Fabien Pithia

Personal information
- Full name: Louis Désiré Fabien Pithia
- Date of birth: 7 May 1987 (age 38)
- Place of birth: Mauritius
- Position: Midfielder

Team information
- Current team: Curepipe Starlight

Senior career*
- Years: Team / Apps / (Gls)
- 2006–2012: Savanne SC / – / (–)
- 2012–2013: ASPL 2000 / – / (–)
- 2014–: Curepipe Starlight / – / (–)

International career^{‡}
- 2008–2015: Mauritius / 25 / (1)

= Fabien Pithia =

Mauritian footballer (born 1987)

Fabien Pithia (born 7 May 1987) is a Mauritian footballer who plays for Curepipe Starlight in the Mauritian League as a midfielder.

==Career==
===Senior career===
Fabien started off his professional career in 2006 with Savanne SC, and has played with the club ever since.

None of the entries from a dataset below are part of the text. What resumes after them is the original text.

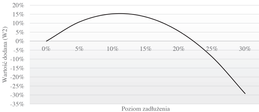
Wykres 2 Graficzna postać funkcji zależności wartości dodanej (W2) od zadłużenia obligacjami korporacyjnymi

W modelu ponownie uwzględniono zmienne włączone na etapie analizy czynnikowej do zmiennej C1, odnoszącej się do finansowania długoterminowego przedsiębiorstwa. Graficznie funkcję zależności wartości dodanej przedsiębiorstwa (zmienna W2) od zadłużenia długoterminowego obligacjami korporacyjnymi przedstawiono na wykresie 2.
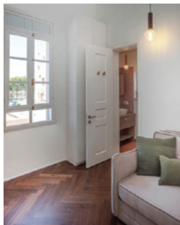
דוגמה מעבודותיה של האדריכלית הילה ישראל

מקום על המדף ובראש. עד כדי שלא מאפשרים לנו להיות בתכלית שלנו. לא מאפשרים לנו לראות מה באמת יש לנו. גם בפיזי - איזה בגדים, כלי מטבח, משחקים וכו' וגם מייצרים עומס שלבסוף משפיע כך שלא נוכל לראות מה באמת יש לנו: בריאות איתנה, עבודה, בית וכו'.
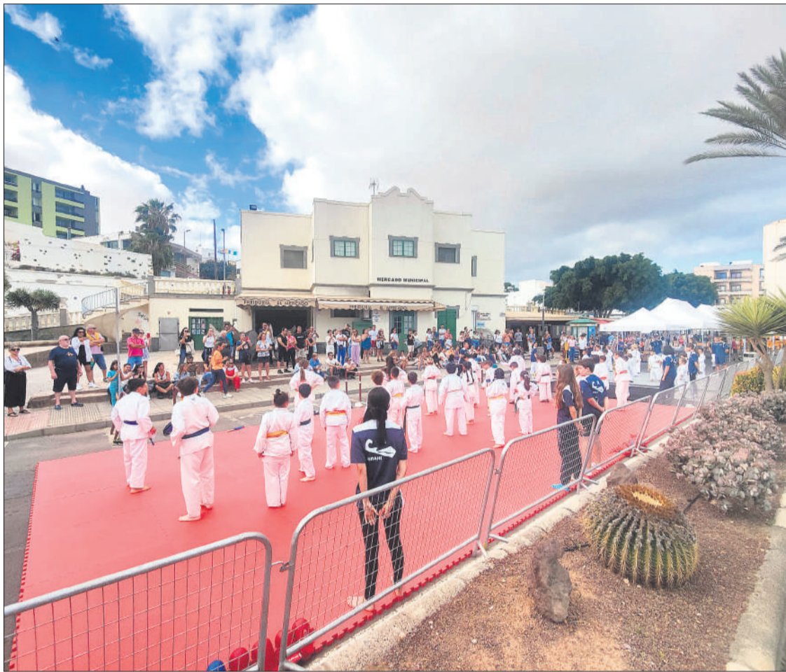
Exhibición de artes marciales durante el evento 'Deporte en la calle'.

● Una treintena de clubes y entidades vinculadas al deporte acuden a la cita organizada por la Concejalía de Deportes capitalina
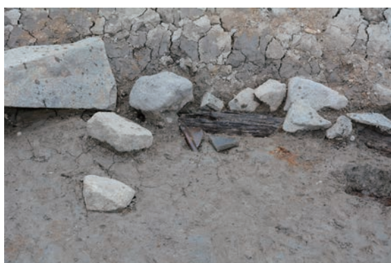
6. D①区石積2下胴木横遺物出土状況(南から)
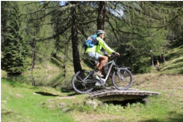
...vorbei an wunderschönen kleinen Bergseen in unberührter Natur.
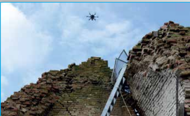
Fig. 3 - Il drone in fase di volo assistito sopra le macerie della chiesa.

Il velivolo utilizzato è un esacottero della Mikrokopter, caratterizzato da un'autonomia di volo di 10-12 minuti, naturalmente variabile a seconda delle condizioni di vento e del peso del carico sollevato (max 250-300 gr). L'UAV utilizza un sensore GPS con antenna planare e una serie di sensori integrati (un accelerometro triassiale MEMS, tre giroscopi MEMS, un sensore di campo magnetico triassiale e un sensore di pressione a 12 bit) per determinarne la posizione e l'assetto in volo. Il sistema permette sia di registrare i dati di telemetria su una micro SD collocata a bordo del ve-
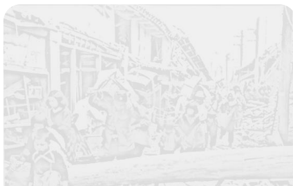
昭和20年の日本の様子

全校登校日に平和集会を行いました。全校で「火垂るの墓」を鑑賞した後、作品に描かれている時代の写真と現在のウクライナの写真を見比べ、戦後77年経った今、再び当時と変わらぬ姿になっていることについて
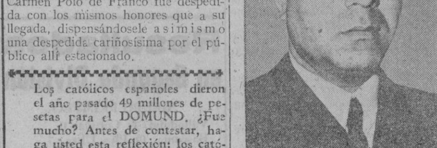
Maamun el Kuzbari, nuevo jefe del Gobierno y ministro de Negocios Extranjeros en el nuevo régimen de Siria

===International career===
Fabien earned his first cap for Club M in 2008.

===International goals===
Scores and results list Mauritius' goal tally first.

| No | Date | Venue | Opponent | Score | Result | Competition |
|---|---|---|---|---|---|---|
| 1. | 6 September 2015 | Stade Anjalay, Belle Vue Maurel, Mauritius | Mozambique | 1–0 | 1–0 | 2017 Africa Cup of Nations qualification |

==Personal==
Fabien has a twin brother, Fabrice, who also played in the Mauritian League for Curepipe Starlight as well as for Club M internationally.